12th February 2023
Sociologist Brene Brown’s TED talk “The Power of Vulnerability” has garnered millions of hits. For good reason: we are hungry for the freedom to admit our vulnerability. Brown pushes us to embrace our own brokenness, with the reality that we are not alone in it, that we are—or easily could be—just one step away from the broken people all around us. Brown says: We are “those people.” The truth is … we are the “others.” Most of us are one paycheck, one divorce, one drug- addicted kid, one mental health diagnosis, one serious illness, one sexual assault, one drinking binge, one night of unprotected sex, or one affair away from being “those people”—the ones we don’t trust, the ones we pity, the ones we don’t let our children play with, the ones bad things happen to, the ones we don’t want living next door.
In our passage this Sunday we are reflecting on the woman who washed Jesus’ feet (Luke 7v36-50). As we do so, it’s worth reflecting on where we are in the story. Are we the raw and honest woman?
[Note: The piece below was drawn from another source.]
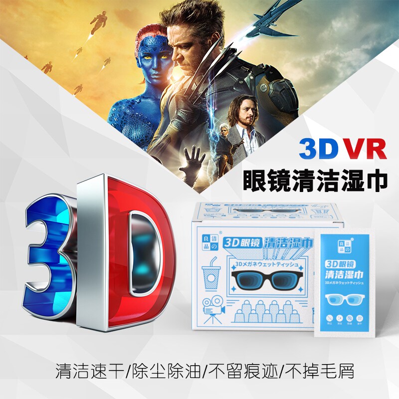 电影院3D眼镜VR清洁湿巾酒精镜头镜片擦拭纸去污速干无痕
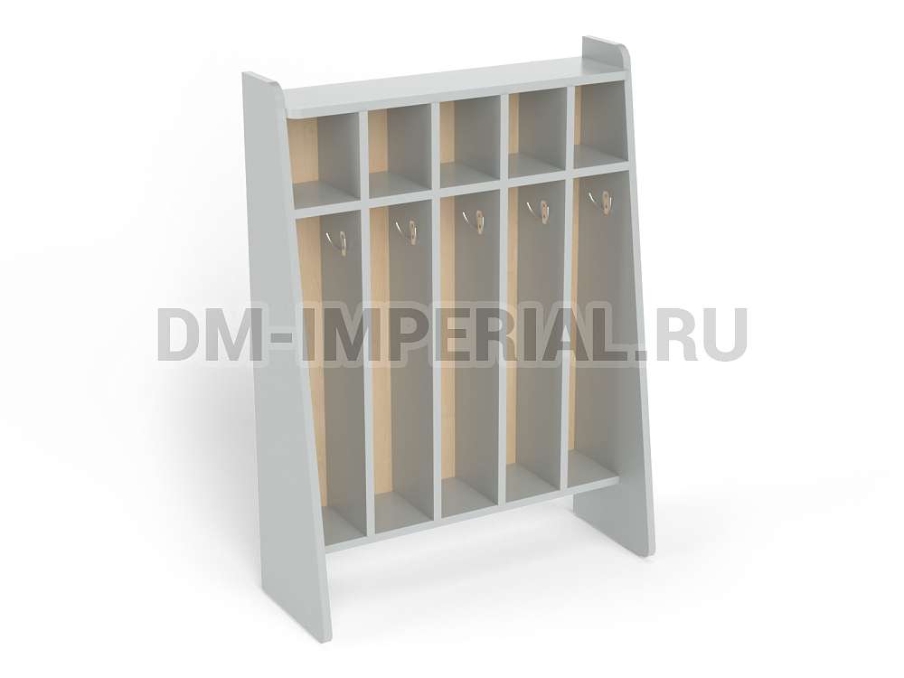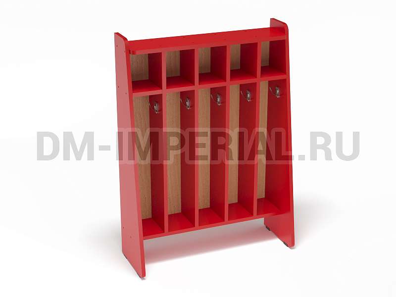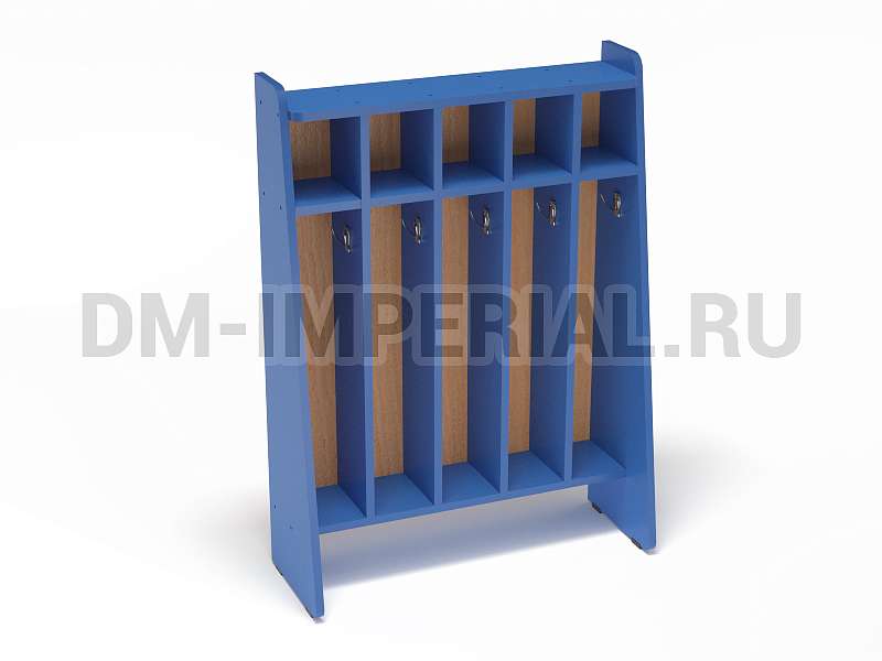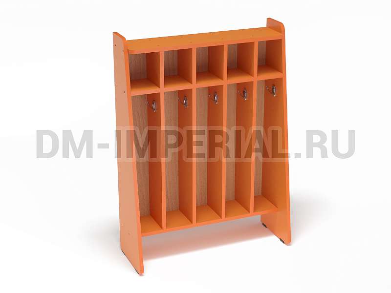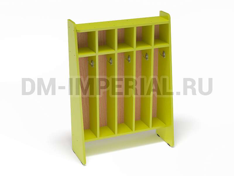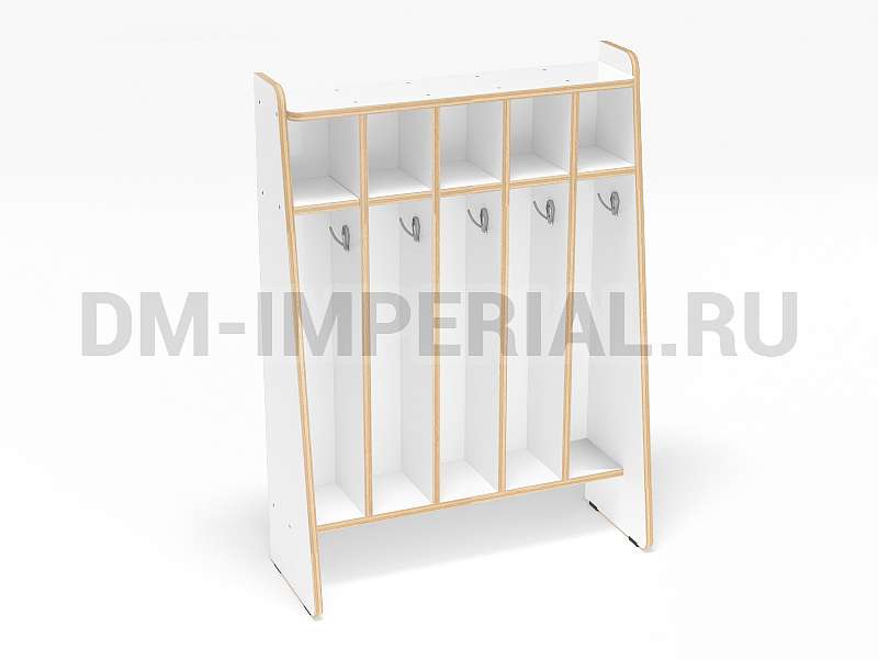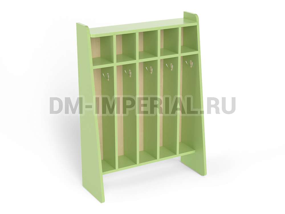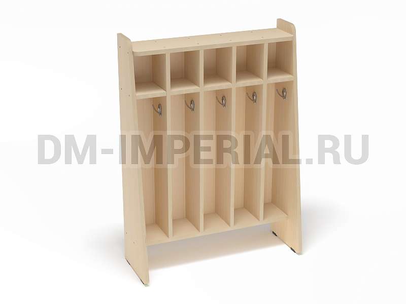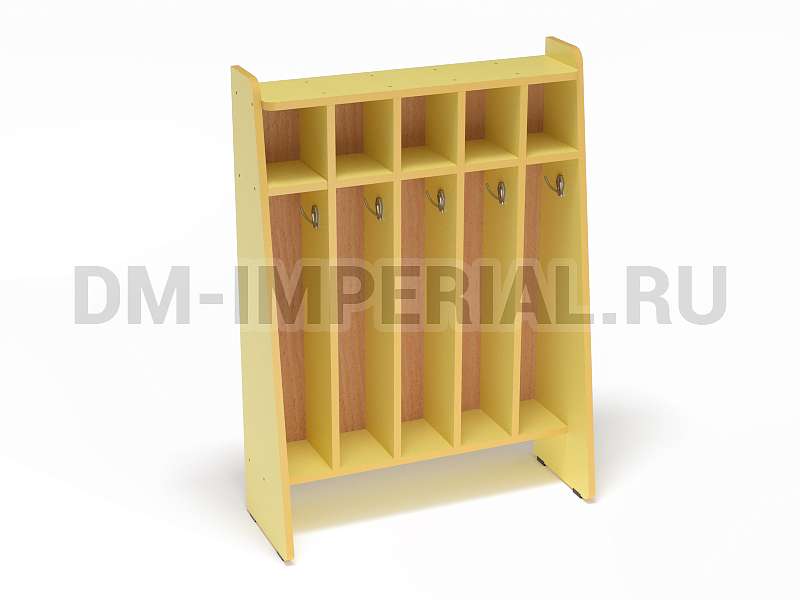 Данный шкаф предназначен для хранения полотенец и предметов гигиены в детских дошкольных учебно-развлекательных учреждениях. Включает сразу пять секций, которыми одновременно могут пользоваться пятеро ребятишек. Каждое отделение имеет место для хранения полотенца, оборудованное крючком, и полочку для различных мелочей (зубной пасты, мыла, мочалки и т.д).

Are we the judging pharisee? Or are we neither? Perhaps hiding in the crowd, unable to let it all hang out with Jesus?
Wherever Jesus went his goal was not to expose the pain of others or the attitudes of others for the sake of it. However, sometimes the only way to healing is through honesty in a safe place with safe people who love us. Perhaps this is why James writes: “Confess your sins to one another that you may be healed” (James 5v16).
Maybe before Sunday you would like to read the passage in Luke and think, “Where am I in this story?”.